Early in the book, Douglas celebrates a city giving 16- and 17-year-olds the right to vote, which he considers all the more wonderful because none of the elections they voted in were even contested. While the book does not avoid Russiagate, it does avoid the term “Stalinist.” What voting could do to change the world is just not a focus of a book that strives to maintain that increasing voting would be equally good for all interests. But the fact is that radically increased voting and various other minor reforms would at the very least almost certainly result in lesser-evil candidates winning, which would at least be less evil. And more significant reforms would allow the possibility of serious positive change.

I’d like to see a lot more direct democracy, a citizen’s branch of government, the abolition of the U.S. Senate, a Constitution from this millennium, and other dream reforms. But even those would depend on some of the lesser reforms that good-election advocates are advancing. The following is a list of what I thin would be useful changes, some of which are now happening in various states and localities.
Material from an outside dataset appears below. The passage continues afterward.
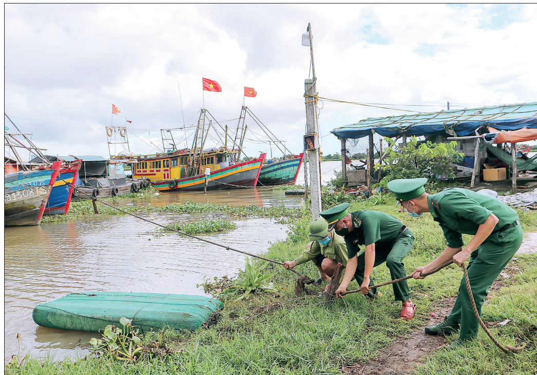
Đoàn viên, thanh niên Đồn Biên phòng Trà Lý hỗ trợ ngư dân neo đậu tàu thuyền tránh trú bão.

Phát huy vai trò xung kích, sáng tạo trong thực hiện nhiệm vụ chính trị của đơn vị cũng như các hoạt động tình nguyện, bằng những phong trào, hoạt động cụ thể, thiết thực, tuổi trẻ Bộ đội Biên phòng (BĐBP) tỉnh đã góp phần bảo vệ vững chắc chủ quyền, an ninh biên giới.
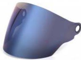
MICA CASCO TECHX2 TX-707 AZUL

When I say that major change comes outside of elections, but that I’m not against elections, that I think the United States should have them someday, this is what I have in mind:

  • The inalienable right to vote in U.S. elections at age 16 for all residents of the United States or of any nation with more than 100 U.S. troops stationed in it.
  • Short of that, the right to vote regardless of criminal conviction.
  • The requirement to vote.
  • Automatic registration.
  • Short of that, online registration, same-day registration, and pre-voting-age registration.
  • Vote counting verifiable to, and ballot and debate access measuring up to, international standards.
  • A ban on treating the spending of money as protected speech, or a corporation as possessing human rights.
  • Public financing.
  • Free air time in equal measure to candidates qualified by signature gathering.
  • Debates publicly administered without partisan control.
  • A ban on private financing.
  • A limited election season.
  • Ranked choice voting.
  • Election day holiday.
  • To the extent compatible with verifiable vote counting, the ability to vote anywhere in one’s state, to vote by mail, and to vote with equal ease despite any personal disabilities or language skills.
  • A ban on ID requirements.
  • A ban on gerrymandering.
  • The abolition of the Electoral College.
  • Full representation for Washington, D.C., and all of the U.S. colonies in the Caribbean and Pacific.
  • A six-hour work day.
  • A larger House of Representatives.
  • Limited power and terms for Supreme Court justices, and more of them.
  • A ban on legislation by presidential decree or signing statement, Justice Department memo, or any process other than the open and transparent passage of laws or ratification of treaties by Congress or by a citizen’s branch.
  • A minimum of one of these democracy reforms required in the United States for every foreign nation the United States bombs in the name of democracy.